Reviewing a steady 5K

Set Race distance to 5 km and Elapsed time to 00:24:30. Split notes of 1 km - 4:52, 2 km - 4:55, and 3 km - 4:50 give an Overall pace of 4:54/km. In Race Summary, the fastest pace should be the 3 km marker at 4:50/km and the slowest should be the 2 km marker at 4:55/km.

Capturing 400 m repeats

For a track session, choose meters and enter 400 as the distance. Live Lap presses add 100 m markers, so four captures can become 100 m, 200 m, 300 m, and 400 m split notes. The Split Ledger reports pace per 100 m, which is easier to compare across short repeats than minutes per meter.

Finding a marker mistake

A mile race entered with kilometer split markers can show a Split Pace Chart that looks too slow or too fast for the athlete's effort.
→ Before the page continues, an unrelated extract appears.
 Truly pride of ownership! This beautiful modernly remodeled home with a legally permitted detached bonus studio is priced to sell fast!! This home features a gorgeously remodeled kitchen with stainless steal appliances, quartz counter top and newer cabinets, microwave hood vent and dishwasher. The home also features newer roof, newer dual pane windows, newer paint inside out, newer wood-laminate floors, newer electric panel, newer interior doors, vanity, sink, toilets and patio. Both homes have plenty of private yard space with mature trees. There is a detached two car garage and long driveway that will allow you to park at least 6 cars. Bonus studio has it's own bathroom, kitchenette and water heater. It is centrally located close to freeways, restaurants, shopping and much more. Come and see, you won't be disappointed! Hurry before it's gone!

Keep Race distance, split marker units, and the chart pace basis aligned before treating the chart as a pacing pattern.

Fixing an empty split chart

If the chart area says the split pace chart is empty, the split notes do not yet contain chartable rows. Add one readable time per line, such as 4:52, and include distance markers when the segments are not evenly spaced.

FAQ:

Can I use this for official results?

Use it for personal timing, workouts, pacing review, and informal race notes. Official results depend on the event's accepted timing method and officials.
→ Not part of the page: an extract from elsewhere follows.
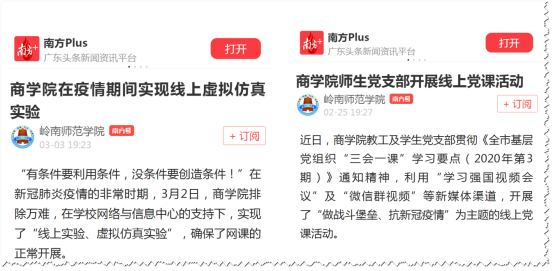 实验室党员同志为了保证师生们在3月2日开始,按课程表进行线上教学与学习,排除万难,在学校网络与信息中心的支持下,实现了“线上实验、虚拟仿真实验”并受到了广东新闻南方头条的报道,确保了网课的正常开展。
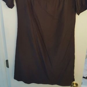 Brown short sleeve dress, hits right above knee. Button detail on the back.

Why does pace change when I switch from kilometers to miles?

The elapsed time is unchanged, but the pace denominator changes. Minutes per mile uses a longer distance basis than minutes per kilometer, so the label and number change together.

What happens if my split notes have no distance markers?

The split times still parse. Segment distance is estimated by dividing the total race distance by the number of split lines.

Why does a split row show a dash?

A dash means that row is missing a usable time or positive segment distance. Check the line for a time such as 4:52 or 00:04:52.

Does the live timer remove reaction delay?

No. The live controls record when the button is pressed. Start, lap, and finish reaction delays remain part of the captured notes.

Does the race data need to be uploaded?

The timing and pace calculations run in the browser. Avoid putting private details in event names or exported files if the summary will be shared.

Glossary:

Start anchor
The local date and time attached to the timing session.
Elapsed time
The total duration recorded for the race or workout.
Split
A timed segment tied to a lap, distance marker, or manual checkpoint.
Cumulative time
The running total after each readable split time is added.
Segment distance
The distance covered by one split row, based on marker differences or equal spacing.
Pace basis
The distance unit used for the pace label, such as per kilometer, per mile, or per 100 meters.